Find a set of 13 points on a 2-dimensional Cartesian plane, such that:

• the points have integer coordinates
• the distance between any two points is an integer
• no three points lie on the same straight line.

## Explanation

We can weaken the first two conditions. Suppose, that we have found a set of 13 points with rational coordinates and rational distances between every two of them. Let L be the LCM of denominators of all coordinates and distances. Then, by multiplying coordinates of every point by L, we'll get a set of points with integer coordiantes and integer distance between every two of them.

Now, let's impose an additional constraint on the set of points. We'll be looking for a set of points, all of which lie on the same circle. It's easy to see, that every three points from this set will not lie on the same line, because a straight line intersects a circle in at most two points.

As a simplification, we may further assume that the points lie on a circle of unit radius, whose center is at the origin. Then the coordinates of the points may be written in the following form:

$x_{i}=\cos \alpha _{i}$ , $y_{i}=\sin \alpha _{i}$ , ${\mbox{for}}i=1,\ldots ,13$ The distance between i-th and j-th points is: ${\sqrt {(\cos \alpha _{i}-\cos \alpha _{j})^{2}+(\sin \alpha _{i}-\sin \alpha _{j})^{2}}}={\sqrt {2-2\cos(\alpha _{i}-\alpha _{j})}}=2{\sqrt {\frac {1-\cos(\alpha _{i}-\alpha _{j})}{2}}}=2\sin \left({\frac {\alpha _{i}-\alpha _{j}}{2}}\right)$ If we add the constraint, that every $\sin {\frac {\alpha _{i}}{2}}$ and $\cos {\frac {\alpha _{i}}{2}}$ are rational, then the points will have rational coordiantes, and distance between any two of them will be rational, too.

Let $\sin \left({\frac {\alpha _{i}}{2}}\right)={\frac {p_{i}}{q_{i}}}$ , for some integers $p_{i}$ and $q_{i}$ .

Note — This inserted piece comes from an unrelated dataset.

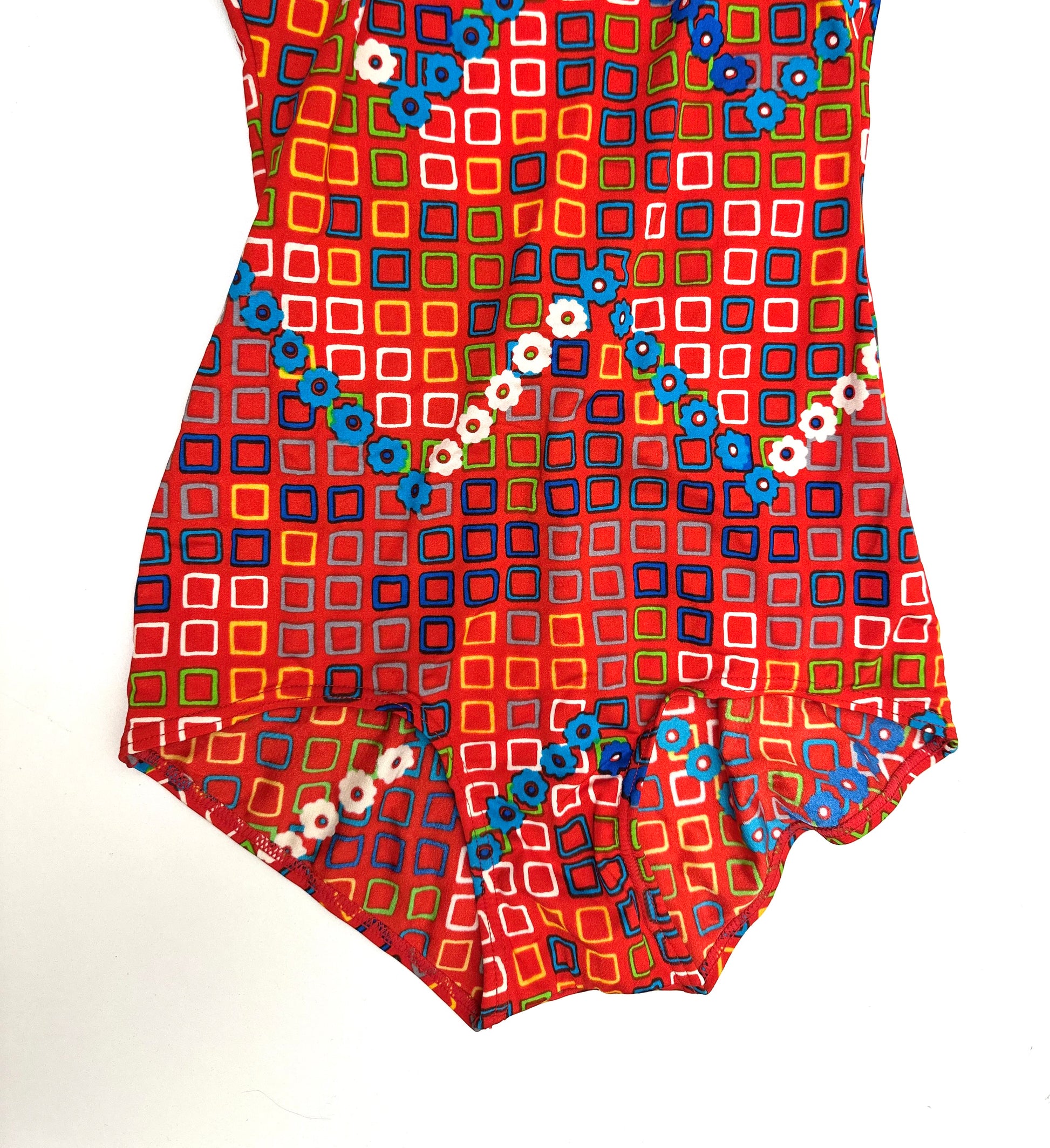Details: Bold and bright, this swimsuit is a showstopper. Constructed in the 70s from Lycra, the fabric has great stretch and colour longevity. The print features lots of small coloured squares on a deep red base, accented with flowers in a zig zag pattern - groovy baby! It is a classic swimsuit shape, with low-cut legs and a super low back. It also makes use of darts at the bust for additional shaping.

Then $\cos \left({\frac {\alpha _{i}}{2}}\right)={\frac {\sqrt {q_{i}^{2}-p_{i}^{2}}}{q_{i}}}$ . This value will be rational if $q_{i}^{2}-p_{i}^{2}=r_{i}^{2}$ , for some integer $r_{i}$ .

So, what we are now really looking for if is just a set of pythagorean triples $(r_{i},p_{i},q_{i})$ , that is integers, which satisfy the equation: $r_{i}^{2}+p_{i}^{2}=q_{i}^{2}$ .

Having found a few of them (by e.g. brute force enumeration), you can express the coordinates of points:

$x_{i}={\frac {r_{i}^{2}-p_{i}^{2}}{q_{i}^{2}}}$ , $y_{i}={\frac {2p_{i}r_{i}}{q_{i}^{2}}}$ .

## Output

0 180
0 3876
432 0
432 4056
1615 0
1615 4056
2047 180
2047 3876
2511 3528
2511 528
2880 1020
2880 3036
3136 2028